::: Exercise input
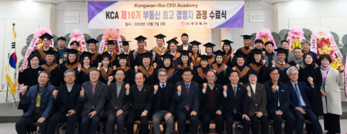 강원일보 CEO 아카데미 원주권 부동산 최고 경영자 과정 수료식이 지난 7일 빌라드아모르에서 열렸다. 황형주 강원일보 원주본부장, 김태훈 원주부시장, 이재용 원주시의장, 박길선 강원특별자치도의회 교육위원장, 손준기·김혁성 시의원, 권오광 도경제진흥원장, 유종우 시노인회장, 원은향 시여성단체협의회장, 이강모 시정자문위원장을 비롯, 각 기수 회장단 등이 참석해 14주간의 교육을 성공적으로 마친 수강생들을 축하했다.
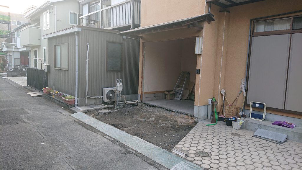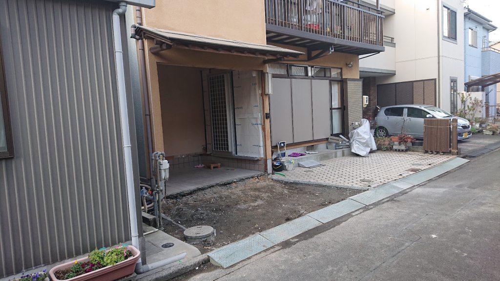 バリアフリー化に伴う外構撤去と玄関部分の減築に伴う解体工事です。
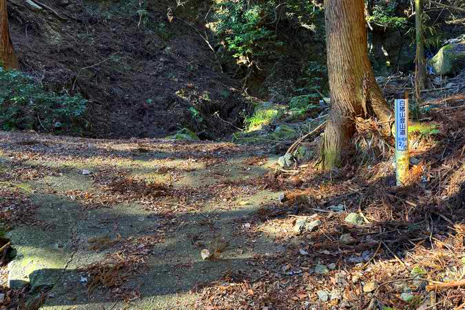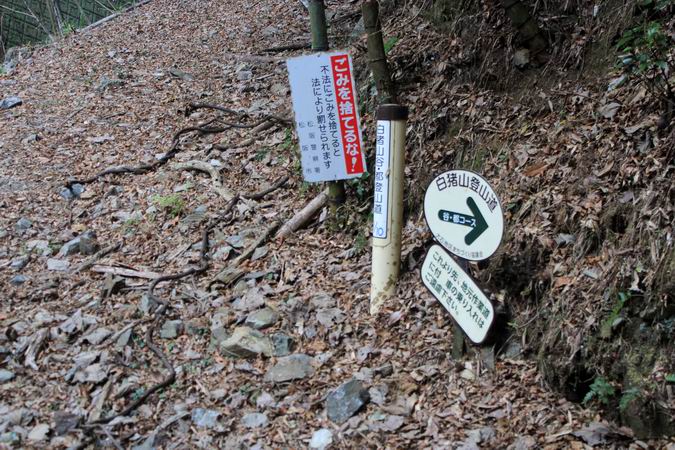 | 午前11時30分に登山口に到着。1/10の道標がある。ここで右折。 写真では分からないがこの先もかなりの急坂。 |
::::::
::: Exercise input
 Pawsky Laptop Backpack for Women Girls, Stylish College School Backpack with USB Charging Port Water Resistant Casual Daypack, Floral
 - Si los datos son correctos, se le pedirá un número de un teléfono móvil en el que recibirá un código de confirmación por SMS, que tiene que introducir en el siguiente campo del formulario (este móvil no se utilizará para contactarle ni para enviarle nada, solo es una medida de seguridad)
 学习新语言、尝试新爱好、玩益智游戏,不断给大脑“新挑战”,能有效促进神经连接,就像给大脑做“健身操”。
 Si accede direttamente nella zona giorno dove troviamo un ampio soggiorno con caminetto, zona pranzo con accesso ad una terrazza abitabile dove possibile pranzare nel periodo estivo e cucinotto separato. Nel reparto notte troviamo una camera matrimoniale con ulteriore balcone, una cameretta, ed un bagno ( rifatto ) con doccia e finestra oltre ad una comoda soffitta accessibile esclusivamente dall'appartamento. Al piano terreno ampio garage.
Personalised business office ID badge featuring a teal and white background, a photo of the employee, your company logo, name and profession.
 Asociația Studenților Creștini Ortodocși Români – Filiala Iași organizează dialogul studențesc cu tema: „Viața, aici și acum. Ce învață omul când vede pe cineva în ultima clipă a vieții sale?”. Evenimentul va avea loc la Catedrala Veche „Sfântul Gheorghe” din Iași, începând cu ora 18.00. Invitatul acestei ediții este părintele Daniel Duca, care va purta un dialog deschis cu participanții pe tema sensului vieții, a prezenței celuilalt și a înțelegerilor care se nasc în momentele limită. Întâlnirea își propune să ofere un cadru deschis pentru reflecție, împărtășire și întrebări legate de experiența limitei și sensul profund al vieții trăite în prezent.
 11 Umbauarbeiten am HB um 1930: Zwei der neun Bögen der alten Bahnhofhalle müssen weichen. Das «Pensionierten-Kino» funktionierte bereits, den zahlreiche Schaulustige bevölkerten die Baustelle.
::::::
::: Exercise input
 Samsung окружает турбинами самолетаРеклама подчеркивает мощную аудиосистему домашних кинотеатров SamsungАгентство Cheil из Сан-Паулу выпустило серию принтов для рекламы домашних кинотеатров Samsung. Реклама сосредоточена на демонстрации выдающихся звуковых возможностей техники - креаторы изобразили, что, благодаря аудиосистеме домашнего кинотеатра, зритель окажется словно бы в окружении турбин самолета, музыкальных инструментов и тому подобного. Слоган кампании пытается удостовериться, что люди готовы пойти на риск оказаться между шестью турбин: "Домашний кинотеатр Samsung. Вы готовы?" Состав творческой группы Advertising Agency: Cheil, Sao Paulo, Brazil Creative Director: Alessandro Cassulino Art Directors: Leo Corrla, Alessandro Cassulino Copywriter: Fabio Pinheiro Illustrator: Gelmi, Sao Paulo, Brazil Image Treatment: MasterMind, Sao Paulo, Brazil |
::::::
What the task asks.
Range to print from the listing above: from the line with "강원일보 CEO 아카데미" up to and including the line with "午前11時30分に登山口に到着。1/10の道標がある。ここで右折。 写真では分からないがこの先もかなりの急坂。 |". Please print those lines exactly, with no pictures and nothing more.

Solution to the problem.
 강원일보 CEO 아카데미 원주권 부동산 최고 경영자 과정 수료식이 지난 7일 빌라드아모르에서 열렸다. 황형주 강원일보 원주본부장, 김태훈 원주부시장, 이재용 원주시의장, 박길선 강원특별자치도의회 교육위원장, 손준기·김혁성 시의원, 권오광 도경제진흥원장, 유종우 시노인회장, 원은향 시여성단체협의회장, 이강모 시정자문위원장을 비롯, 각 기수 회장단 등이 참석해 14주간의 교육을 성공적으로 마친 수강생들을 축하했다.
 バリアフリー化に伴う外構撤去と玄関部分の減築に伴う解体工事です。
 | 午前11時30分に登山口に到着。1/10の道標がある。ここで右折。 写真では分からないがこの先もかなりの急坂。 |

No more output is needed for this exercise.